“If you’re going to be here through the night, I can drive the kids back to your place and stay with them until morning if you’d like,” his aunt offered.
Sean didn’t have to be told that a heart cath was serious stuff. “I’m not leaving. I’ll stay here.”
Aunt Pat studied him as if he were a kid. “There’s nothing you can do here.”
“I’m staying.” When he checked with his mother, he saw she understood.
She understood a lot of things his dad didn’t. But even his mom couldn’t imagine everything he kept inside. He was a disappointment to his parents. He’d never lived up to their expectations. Until he’d been diagnosed with dyslexia, his dad had thought he was lazy, that he didn’t care, that he didn’t try. After all, he wasn’t their real son. Their real son had died, and his father would never forget that. When he looked at him, Sean always felt small, as if he’d never measure up. Maybe he wouldn’t.
After all, his biological mother had given him away. He’d had the guts to finally ask questions when he was around ten. He’d learned she couldn’t care for him, and she hadn’t even known who his father was! He had no desire to find her or meet her. He had a mother. He didn’t need another one. And since his father’s identity was a mystery…Brady Malone was his dad and they were stuck with each other.
“Mom, should I go with Aunt Pat?” Kat asked.
“That’s up to you, honey. You’ll only be five to ten minutes away. I can call if anything happens.”
“What do you mean if anything happens?” Kat sounded afraid. “Dad’s not going to die. He’ll be all right, won’t he? You said he will.”
Laura went to Kat now, too, and draped an arm around her shoulders. “We have to believe he will.”
Sean felt as if he were standing in the middle of nowhere, all alone, the way he always was.
Kat’s eyes were wet now and tears dripped down her face. “I don’t want to stay here. I don’t want to smell these awful smells and see all these sick people.”

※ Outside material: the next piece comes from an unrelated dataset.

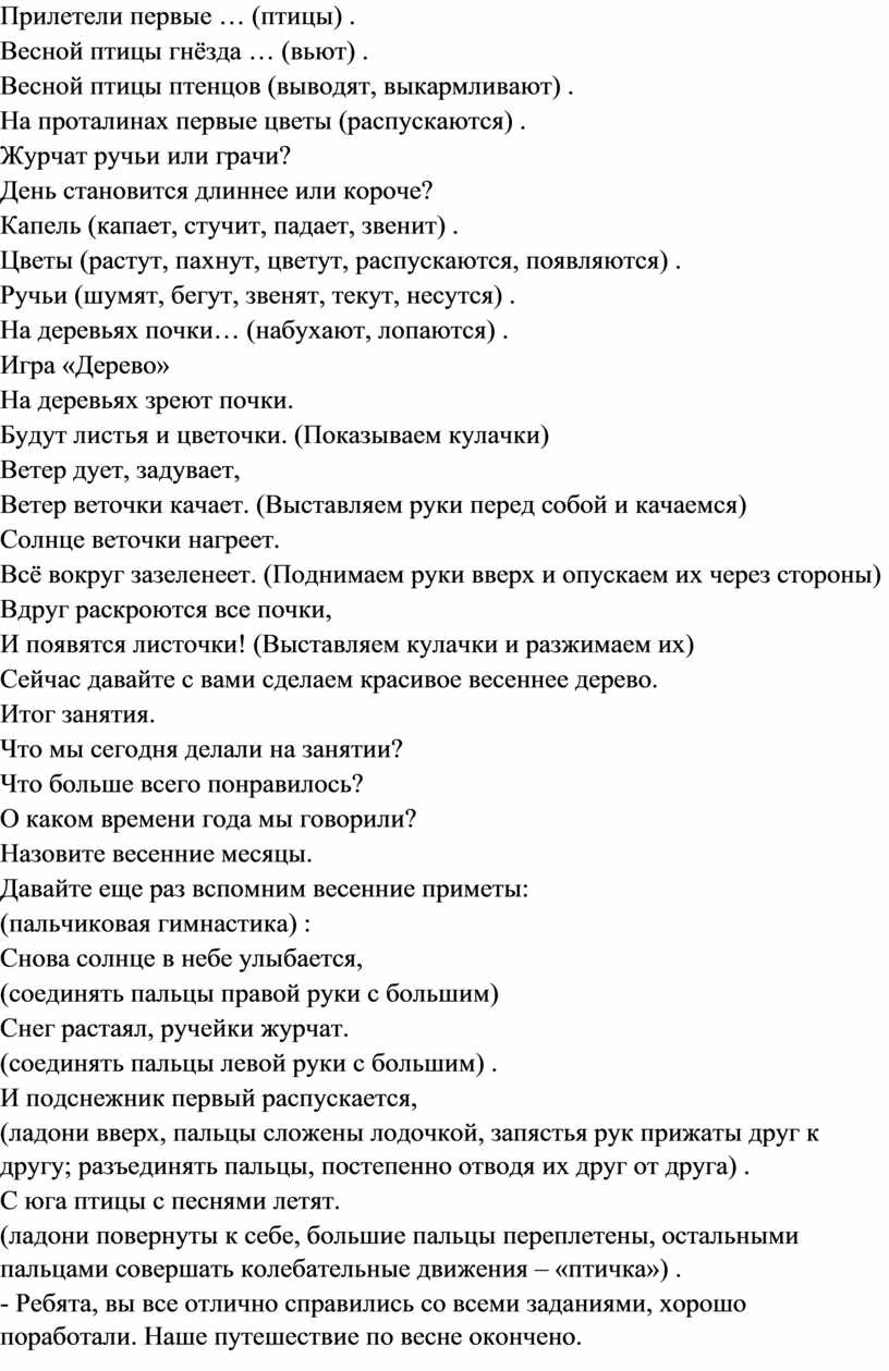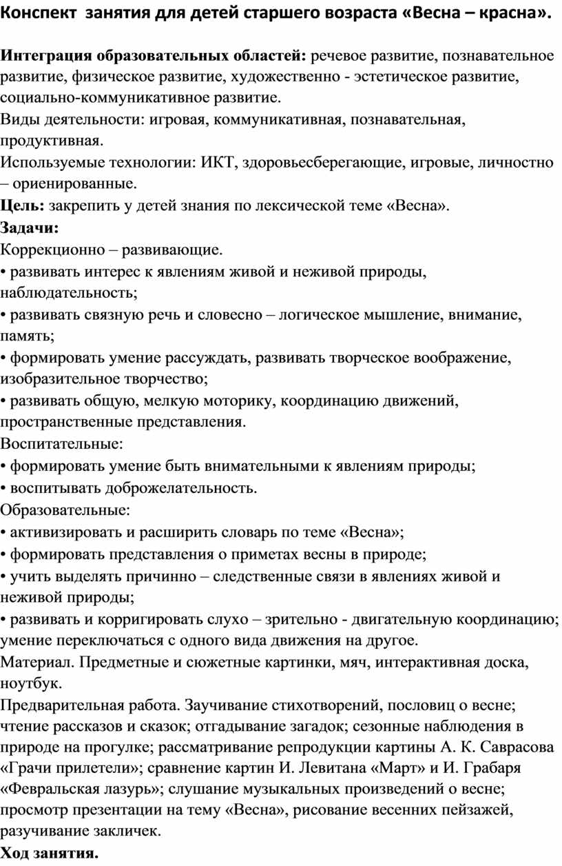 Конспект занятия для детей старшего возраста «Весна – красна».

Usually he tolerated his sister. But sometimes…“You’re such a spoiled brat,” Sean muttered before he could help himself.
Kat’s “I am not” protest and Laura’s warning “Sean” hit the air at the same time.
Aunt Pat held her hand up like a referee. “Whoa, everyone. Take a deep breath. Kat, it’s okay if you don’t like the hospital. I don’t, either. If you come home with me, we’ll gather some things for your dad, your mom and Sean. Was this about the article?” she asked, staring at his mom as if what had appeared in the paper was no secret to her.
“Yes,” his mother said softly. “Don’t answer the phone if it rings. I’ll sort through the messages eventually.”
Aunt Pat gave a knowing nod, clasped Kat by the elbow and led her down the hall.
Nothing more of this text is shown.